谢悠然回握母亲的手,用力捏了捏,又转向韩震,郑重福了一礼。
“韩叔,我娘……就拜託您了。”
韩震放下筷子:“安心。时辰还早,我送你们到巷口。”
“韩叔,不必。人多眼杂,反而不便。我与小桃来去悄然,更稳妥。”
韩震看著她,片刻,终是点了点头:“路上警醒些。”
没有过多告別,谢悠然和小桃再次用头巾裹好头脸,如同来时一样,悄无声息地推开院门,侧身融入巷外的人流。
韩震站在门內,直到那两道灰扑扑的身影彻底消失在巷子转角,才缓缓关上门。
虞禾站在他身侧,轻声问:“真不派人跟著?我总不放心……”
“悠然是个有成算的孩子。”
韩震转过身,目光落在虞禾仍带著忧色的脸上,语气缓了些。
“她既说了稳妥,便是有了安排。况且,有些路,终归得她自己走。
我们能做的,是儘快把该办的事办妥,让她往后走得更稳当。”
虞禾听懂了他话里的意思,她轻轻点头。
夕阳將谢悠然主僕的影子投在青石板路上。
来时那份沉重与试探,已换作了归去的踏实。
竹雪苑的后门依然被枯藤遮掩。
钥匙转动,门扉轻启又合拢,庭院里,沙沙竹响依旧,张嬤嬤仍在廊下做著针线,时光静默流淌。
谢悠然是第一次从这里偷偷溜出去,时间不敢太长,也怕有人发现。
和小桃两人偷偷从后院进了房间,两人换回了日常的衣衫,谢悠然推开门佯装刚刚睡醒的模样。

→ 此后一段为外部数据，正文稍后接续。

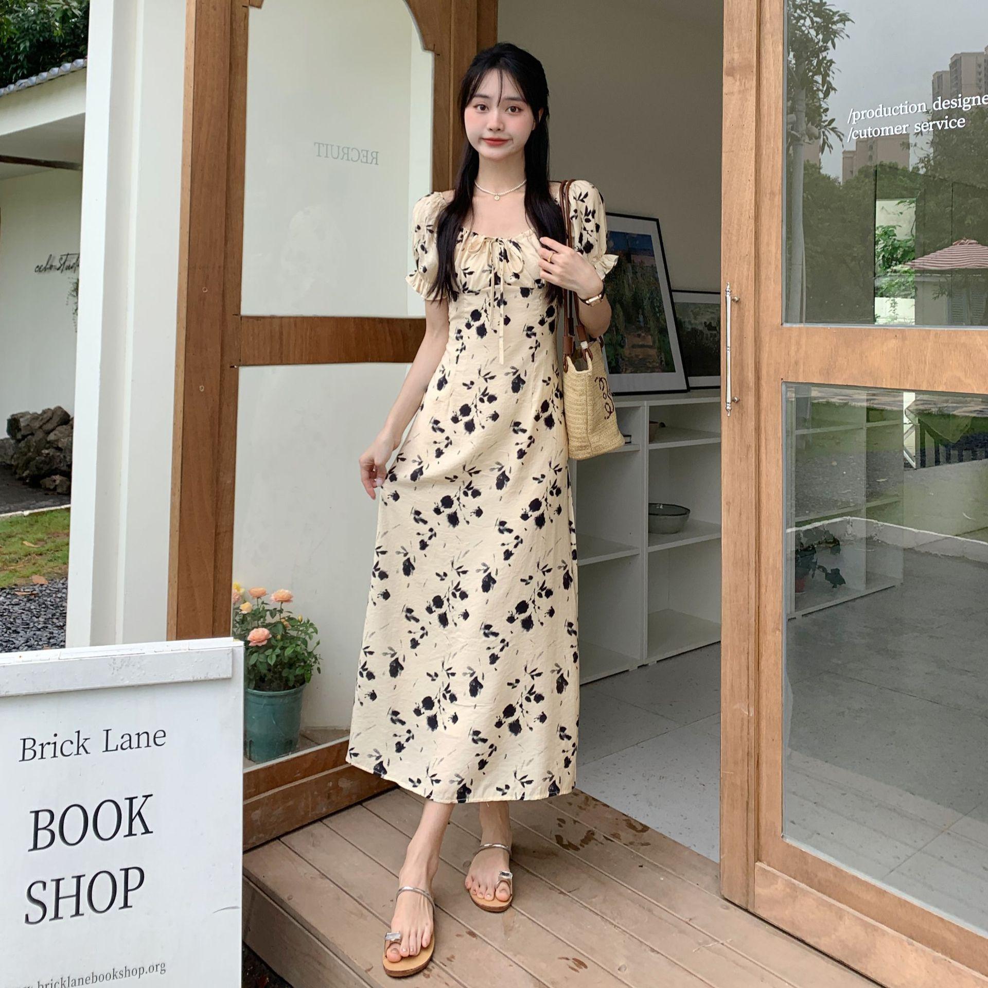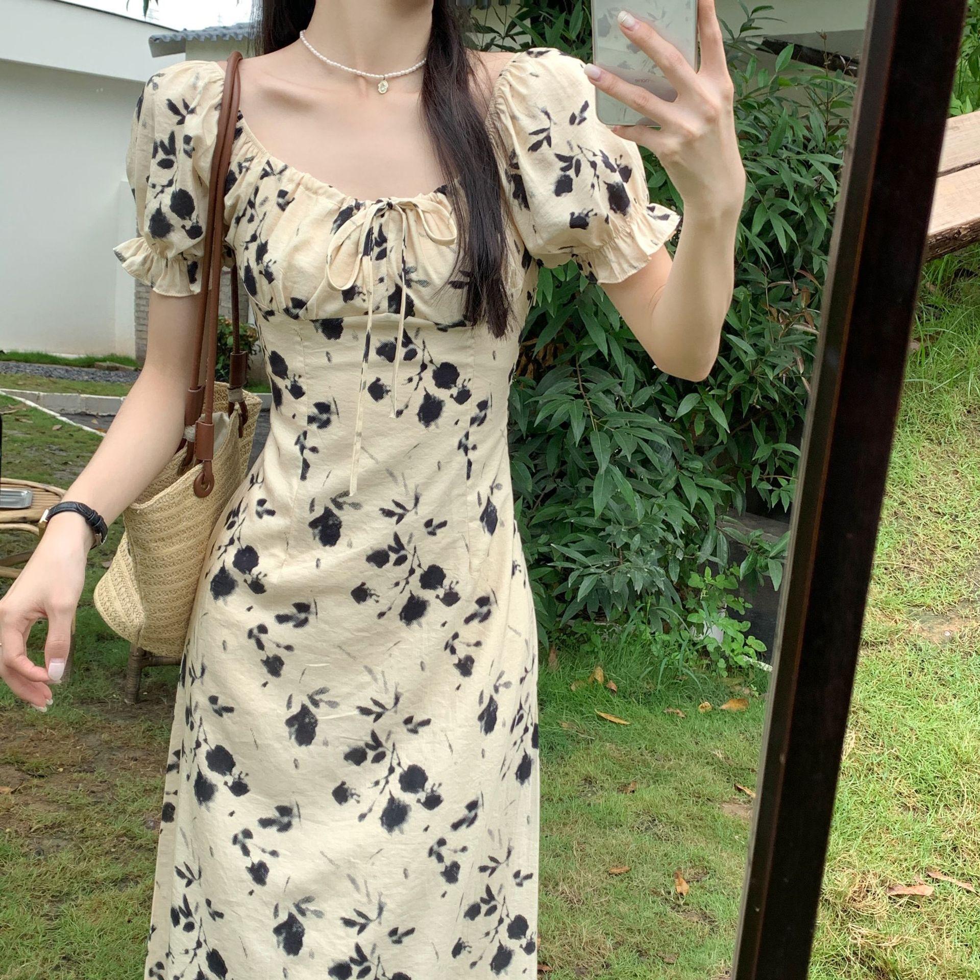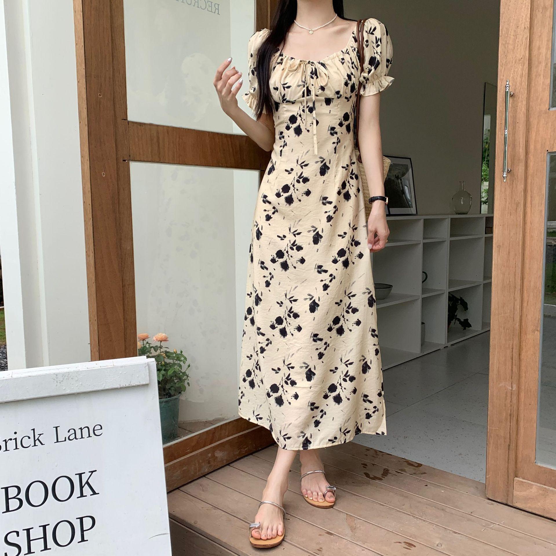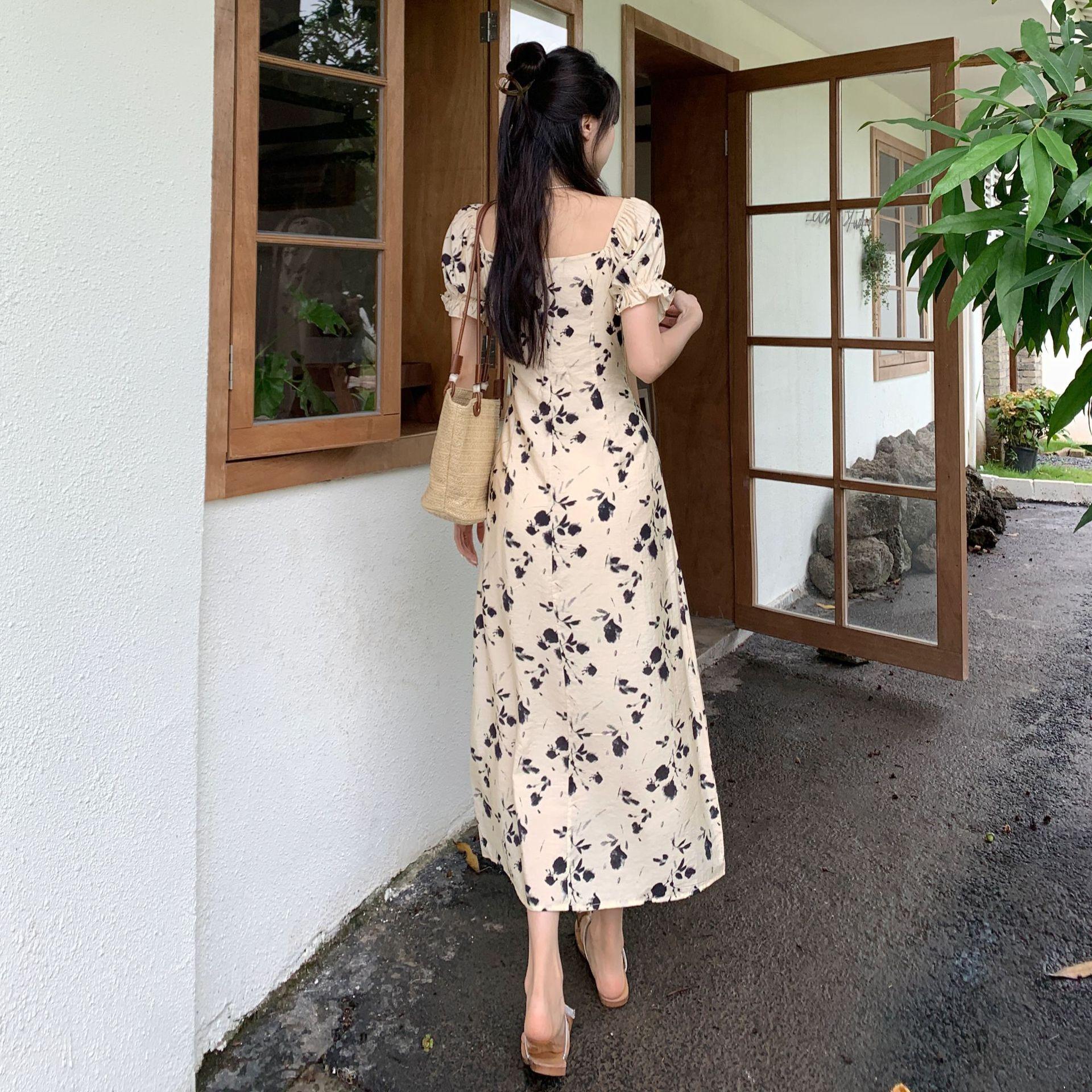 Vestido de estilo francés retro floral con cuello cuadrado y manga abullonada para mujer, verano elegante de alta calidad, estilo cálido y suave, adelgazante, falda larga

张嬤嬤见少夫人起床,见过礼后,谢悠然让她去休息休息。
窗户半开,秋日的凉风挟著竹叶的沙沙声透进来。
她坐在临窗的桌案前,指尖无意识地在光滑的桌面上划过。
午后的短暂温暖与安心,此刻已沉淀下去。
她不可能让张敏芝在这次的事件中完美隱身。
这件事情让谁去做呢?,一旦查出来牵连到自己就麻烦了。
自己身边的人也不能用,到底还有谁呢?
脑海中,前世的画面翻涌上来。
最终定格在右相府那间阴暗、充斥著血腥与绝望的偏院柴房里。
那时她自身难保,如同螻蚁,却也曾见过另一只螻蚁。
章磊。
这个名字,连同他那双即使在酷刑下也燃烧著仇恨的眼睛,清晰地浮现出来。
他当时已被折磨得不成人形,蜷缩在角落,奄奄一息,却还在喃喃自语,上天不公。
那时的谢悠然自身就是待宰的羔羊,听到这些,除了更深的恐惧和麻木,再无他想。
可现在回想起来,那零星的话语,却像黑暗中的磷火,闪烁著微光。
章磊,城南,老槐树平民子弟。
姐姐章丽,因貌美被权贵看中,强纳为右相妾室,不足三月便病逝。
章磊不信,暗中调查,收集右相的罪证,好像还真发现了不少事情,至少右相生气了。
证明章磊確实还是个人才,只不过势单力薄。
功败垂成,落入魔掌,惨死。
张敏芝的事情,被沈容与、被沈家、被右相府联手捂得严严实实,粉饰成了另一番模样。
高门贵女间的阴私,寻常百姓无从得知,也不敢议论。
当日就算有许多的夫人小姐猜测到了是张敏芝,可是没有任何证据,大家也都不想得罪张家。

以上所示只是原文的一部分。